I’m relatively new to tensorflow so please excuse me if this is a
Here is what I’m trying to do:
I have 2 separate Datasets:
- melanoma_ds: contains 10000 true positive cases (Tensorflow dataset)
- no_melanoma_ds: contains 10000 true negative cases (Tensorflow dataset)
I would like to concatenate these two datasets and do a shuffle afterwards.
train_ds = no_melanoma_ds.concatenate(melanoma_ds)

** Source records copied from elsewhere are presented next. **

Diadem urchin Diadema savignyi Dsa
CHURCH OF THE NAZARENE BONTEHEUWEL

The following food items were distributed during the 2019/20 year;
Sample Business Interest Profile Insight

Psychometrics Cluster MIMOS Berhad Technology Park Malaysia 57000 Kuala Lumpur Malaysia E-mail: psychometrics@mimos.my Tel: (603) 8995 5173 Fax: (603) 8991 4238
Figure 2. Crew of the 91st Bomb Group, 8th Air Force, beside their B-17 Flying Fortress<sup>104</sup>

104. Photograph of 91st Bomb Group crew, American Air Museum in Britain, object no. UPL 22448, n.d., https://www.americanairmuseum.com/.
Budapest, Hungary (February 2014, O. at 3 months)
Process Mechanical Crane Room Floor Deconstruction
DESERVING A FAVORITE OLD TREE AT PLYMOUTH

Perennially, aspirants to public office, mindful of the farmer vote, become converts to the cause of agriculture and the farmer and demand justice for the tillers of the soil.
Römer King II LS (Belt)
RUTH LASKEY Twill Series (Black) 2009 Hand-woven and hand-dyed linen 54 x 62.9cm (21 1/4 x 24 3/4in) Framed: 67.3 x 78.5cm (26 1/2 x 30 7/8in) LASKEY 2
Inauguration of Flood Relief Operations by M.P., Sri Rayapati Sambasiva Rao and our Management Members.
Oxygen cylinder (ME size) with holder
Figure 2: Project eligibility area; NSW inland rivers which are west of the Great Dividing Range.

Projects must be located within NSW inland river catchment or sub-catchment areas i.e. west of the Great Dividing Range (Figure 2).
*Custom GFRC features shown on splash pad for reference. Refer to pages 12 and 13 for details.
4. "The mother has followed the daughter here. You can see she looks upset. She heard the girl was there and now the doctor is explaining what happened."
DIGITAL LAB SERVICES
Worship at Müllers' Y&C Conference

My problem is the shuffle.
I want to have a well shuffled train dataset so I tried to use:
train_ds = train_ds.shuffle(20000)
I’m using google colab and it seems like I ran out of graphic card memory (limit of 11GB).
→ colab session crashes
So I tried to pick smaller batches (5000 instead of 20000) from my two datasets
melanoma_ds shuffle them with a buffer_size of only 5000 and concatenate all of them afterwards:
def memory_efficient_shuffle(melanoma_ds=melanoma_ds, no_melanoma_portion=no_melanoma_portion): shuffle_rounds = 4 tmp_start = 0 batch_each_class = 2500 final_shuffle_ds = None for i in range(shuffle_rounds): tmp_start = batch_each_class * i tmp_melanoma_ds = melanoma_ds.skip(tmp_start).take(batch_each_class) tmp_no_melanoma_ds = no_melanoma_portion.skip(tmp_start).take(batch_each_class) both_portions_ds = tmp_melanoma_ds.concatenate(tmp_no_melanoma_ds) shuffled_portion_ds = both_portions_ds.shuffle(5000) final_shuffled_ds = shuffled_portion_ds if final_shuffle_ds == None else final_shuffle_ds.concatenate(shuffled_portion_ds) return final_shuffled_ds
This actually works and the session does not crash…

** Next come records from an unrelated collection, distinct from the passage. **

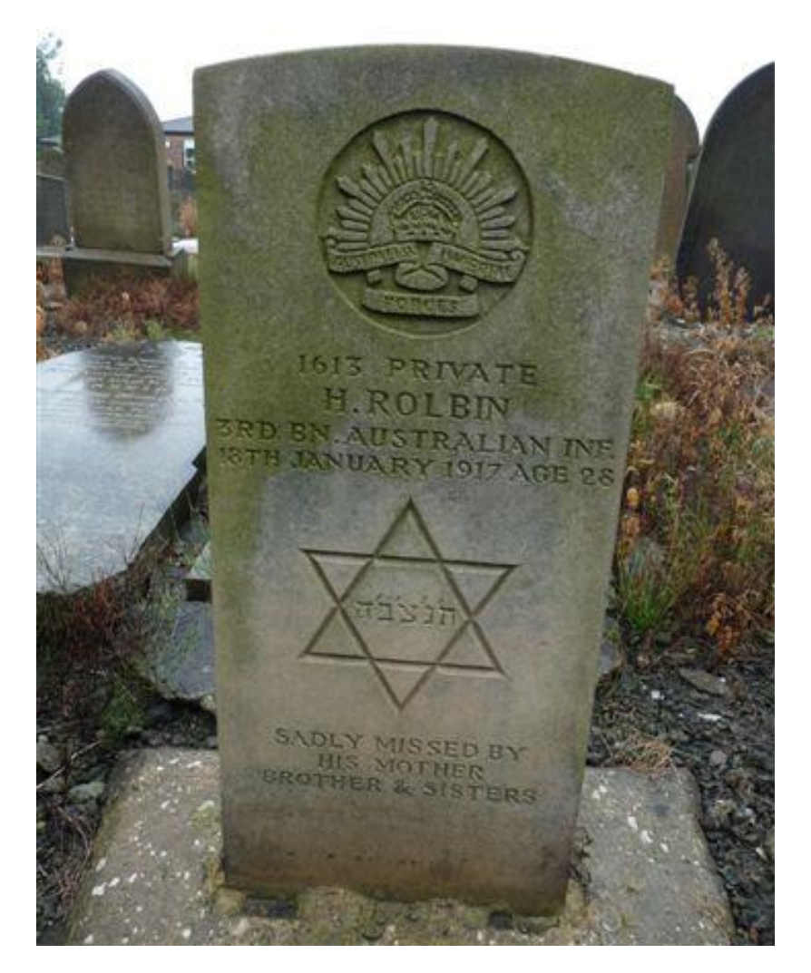
Photo of Pte H. Rolbin's Commonwealth War Graves Commission Headstone in Blackley Jewish Cemetery, Blackley, Manchester, Lancashire, England.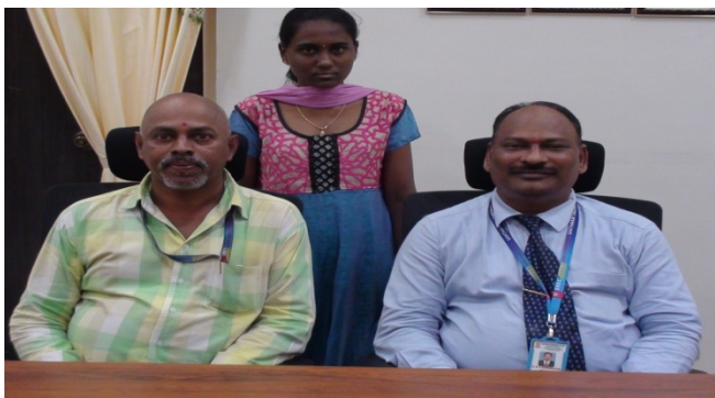
Student selected for Chess @ JNTUA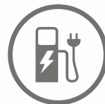
Electric Car Charging Point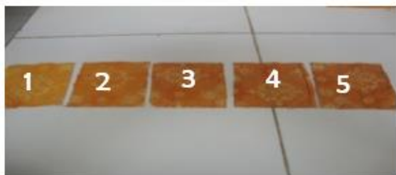
Figure 4. Results immersion with 1, 2, 3, 4, 5 grams of substance in 100ml Water Colors (Sequentially from Left to Right)

mordanted and given a wax batik motif with a cut to the size of 10 cm x 10 cm by 5 strands. Each cloth soaked in the dye solution with different concentrations for 15 min and then dried.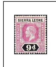
9 p 98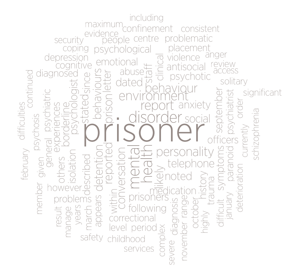
Figure 5.1: 100 most frequently used words of five letters or more, generated by NVIVO

The ten most frequently used words with five letters or more within the files, in order of frequency, were: prisoner, mental, disorder, health, report, environment, personality, behaviour, conversation, prison. The 100 most frequently used words with five letters or more are represented in the word cloud below.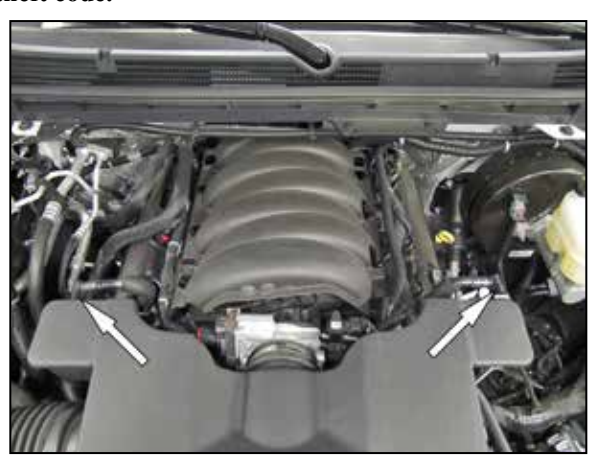
2. Disconnect both crank case quick connect vent lines from the valve covers.

NOTE: Disconnecting the negative battery cable erases pre-programmed electronic memories. Write down all memory settings before disconnecting the negative battery cable. Some radios will require an anti-theft code to be entered after the battery is reconnected. The anti-theft code is typically supplied with your owner's manual. In the event your vehicles anti-theft code cannot be recovered, contact an authorized dealership to obtain your vehicles anti-theft code.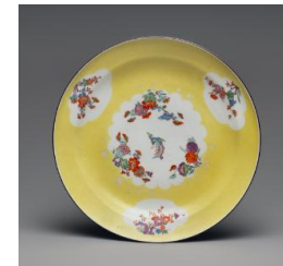
Title: Two Plates from the "Yellow Hunting" Service Date: ca. 1733–34 Primary Maker: Meissen Porcelain Manufactory Medium: Hard-paste porcelain Dimensions: 2016.15.171.1 diam.: 8 15/16 in. (22.7 cm) 2016.15.171.2 diam.: 9 in. (22.9 cm)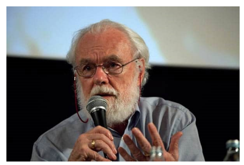
Image by Robert Crc. This image is in the public domain. Source: Wikimedia Commons.

argues there has been a shift from a post WWII FORDIST/KEYNSIAN regime to one of FLEXIBLE ACCUMULATION beginning in 1973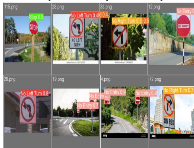
Fig. 5. Validation images containing prediction labels and mAP

The output of test validation data can be seen in Fig. 4 with their respective bounding boxes and confidence scores.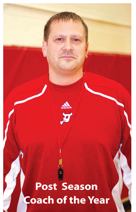
Post Season Coach of the Year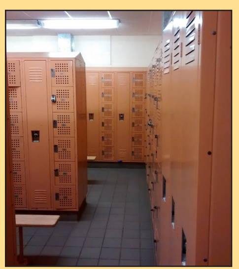
Girls' Locker Room Locker Replacement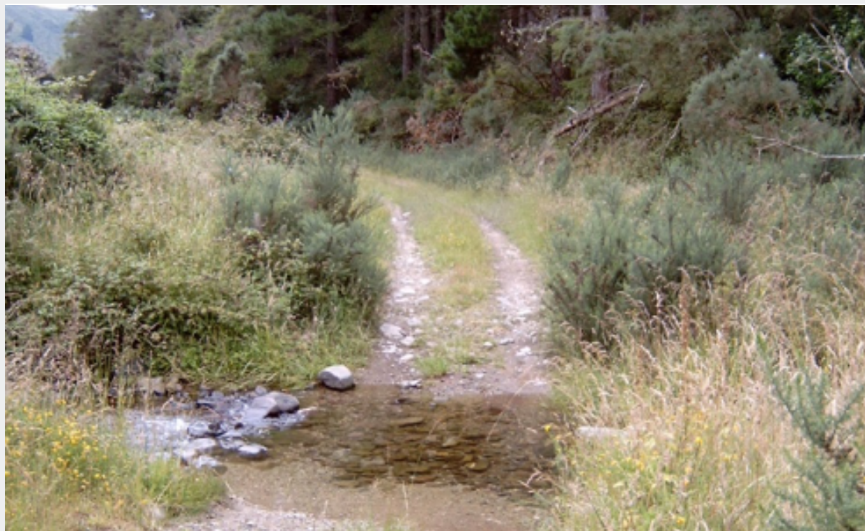
Clean ford with minimal sediment running down road into stream .

The use of fords can create significantly more sedimentation than other forms of river crossings.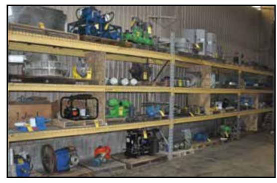
Large Quantities of NEW MRO / SPARES (Valves, Pumps, Instrumentation)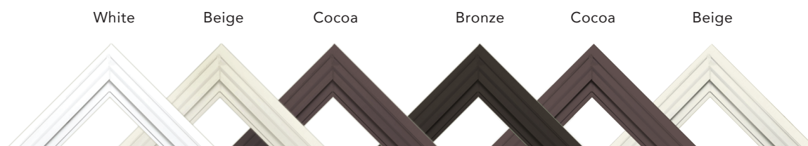
Stock Vinyl Extrusions

3 Other grid options available; ask your salesperson for details

But if I try to pick the first element of the shuffled dataset it takes too much time and i don’t know if the program will ever terminate.
final_shuffled_ds = memory_efficient_shuffle() image, label = next(iter(final_shuffled_ds))
I bet I made a lot of mistakes during the whole process:D
I really would like to know how would you approach this?